▶ [Exercise details]: For this exercise, the lines from the one with "Funda de Cuero" through the end of the material below must be output exactly, without pictures.
────────────────────
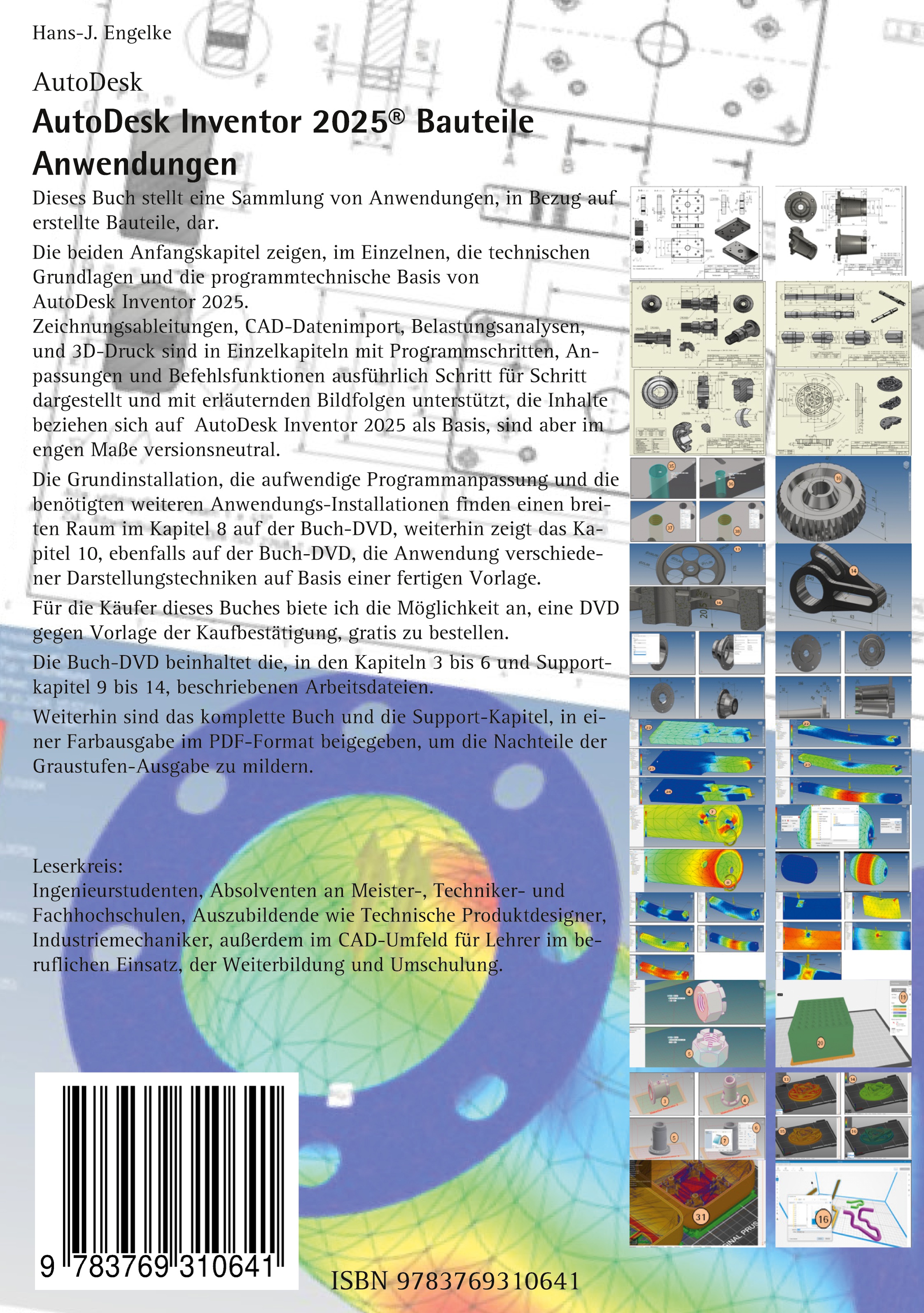 Zeichnungsableitungen, CAD-Datenimport, Belastungsanalysen, und 3D-Druck sind in Einzelkapiteln mit Programmschritten, Anpassungen und Befehlsfunktionen ausführlich Schritt für Schritt dargestellt und mit erläuternden Bildfolgen unterstützt, die Inhalte beziehen sich auf AutoDesk Inventor 2025 als Basis, sind aber im engen Maße versionsneutral.
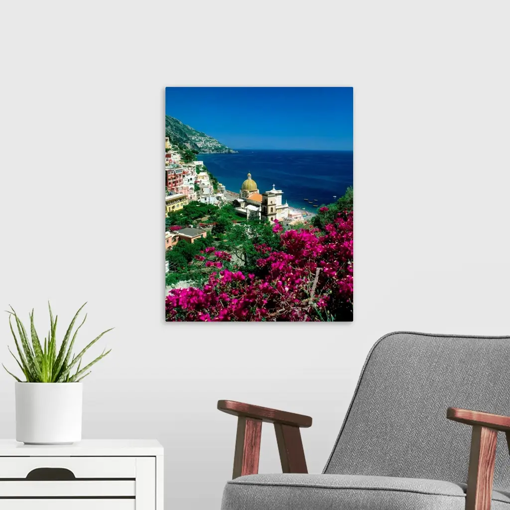 Italy, Campania, Positano, view over town and coast, Amalfi coast wall art for home and office decor. Discover canvas art prints, photos, mural, big canvas art and framed wall art in GreatBigCanvas.com's varied collections.
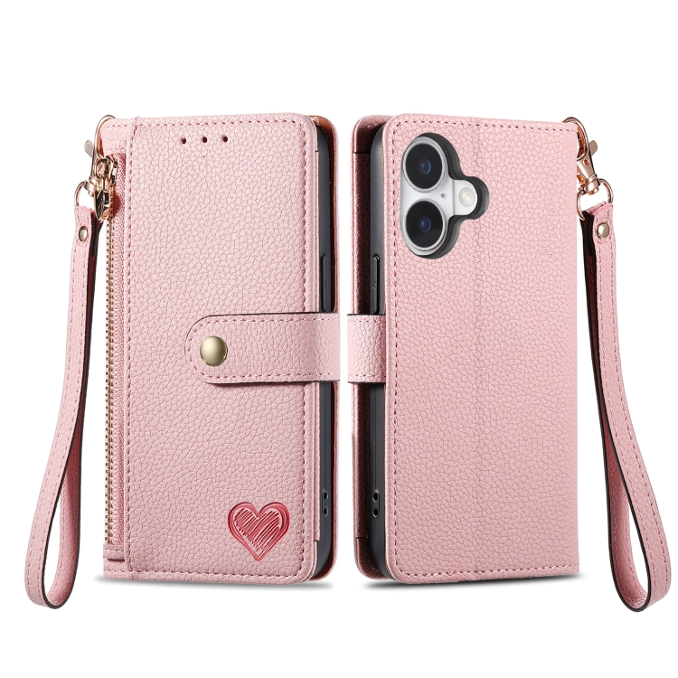 Funda de Cuero con Cordón y Cremallera Love para iPhone 16 Pro (Rosa)
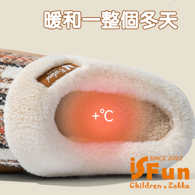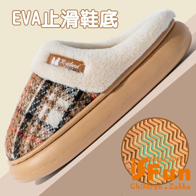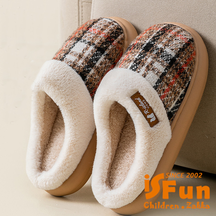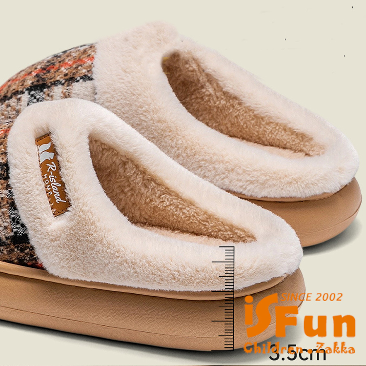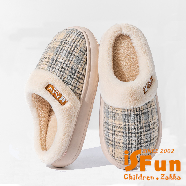 【iSFun】英倫格紋 厚底防滑男女室內刷毛拖鞋/米色4041號
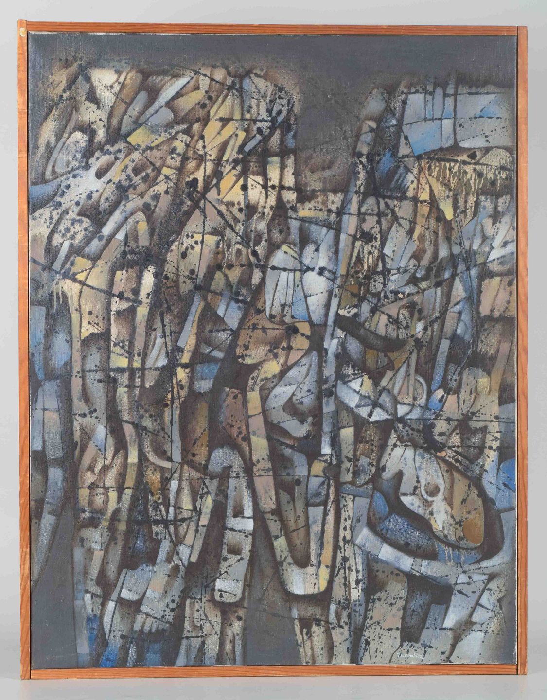 An expressive and complex abstract painting, where figurative and organic forms intertwine in a rhythmic network of lines and color fields in blue, brown, and golden tones. The work reflects Lacomblez’s characteristic surrealist-abstract language and his fascination with mythology and the dreamlike.
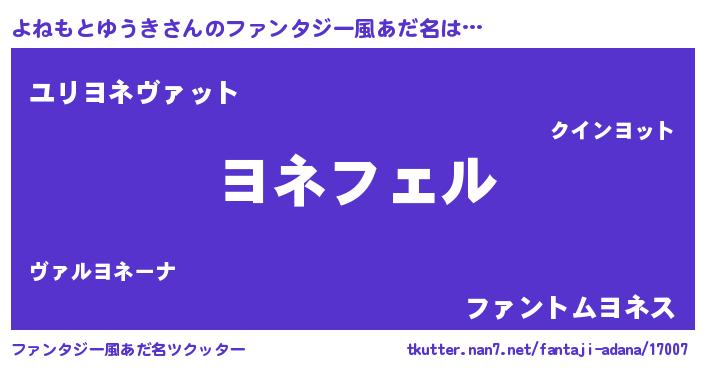 | 胡散臭い通販商品みたいなあだ名 | 『億万長者になれるブレスレット…その名も「よねもとゆうき」』 |
────────────────────
▶ [Exercise solution]:
 Funda de Cuero con Cordón y Cremallera Love para iPhone 16 Pro (Rosa)
 【iSFun】英倫格紋 厚底防滑男女室內刷毛拖鞋/米色4041號
 An expressive and complex abstract painting, where figurative and organic forms intertwine in a rhythmic network of lines and color fields in blue, brown, and golden tones. The work reflects Lacomblez’s characteristic surrealist-abstract language and his fascination with mythology and the dreamlike.
 | 胡散臭い通販商品みたいなあだ名 | 『億万長者になれるブレスレット…その名も「よねもとゆうき」』 |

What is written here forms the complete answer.